Naresh picture Naresh · Jun 25, 2014 · Viewed 14.2k times · Source

This is a question regarding how Storm's max spout pending works. I currently have a spout that reads a file and emits a tuple for each line in the file (I know Storm is not the best solution for dealing with files but I do not have a choice for this problem).

I set the topology.max.spout.pending to 50k to throttle how many tuples get into the topology to be processed. However, I see this number not having any effect in the topology. I see all records in a file being emitted every time. My guess is this might be due to a loop I have in the nextTuple() method that emits all records in a file.

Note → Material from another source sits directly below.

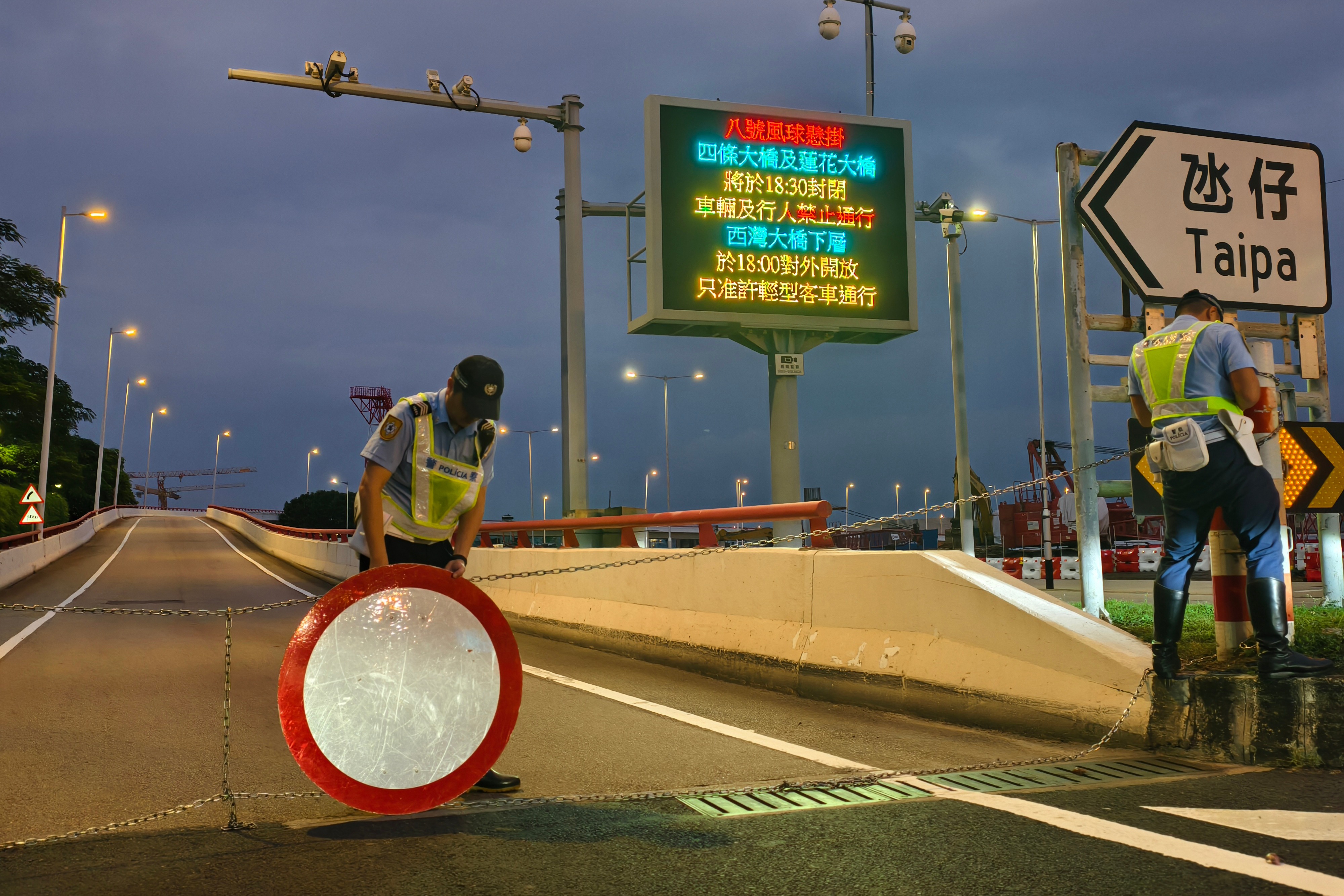 治安警察局人員執行封橋工作,並於現場維持交通秩序

My question is: Does Storm just stop calling nextTuple() for the Spout task when topology.max.spout.pending is reached? Does this mean I should only emit one tuple every time the method is called?

Answer

John Gilmore picture John Gilmore · Jul 21, 2014

Exactly! Storm can only limit your spout with the next command, so if you transmit everything when you receive the first next, there is no way for Storm to throttle your spout.

The Storm developers recommend emitting a single tuple with a single next command. The Storm framework will then throttle your spout as needed to meet the "max spout pending" requirement. If you're emitting a high number of tuples, you can batch your emits to at most a tenth of your max spout pending, to give Storm the chance to throttle.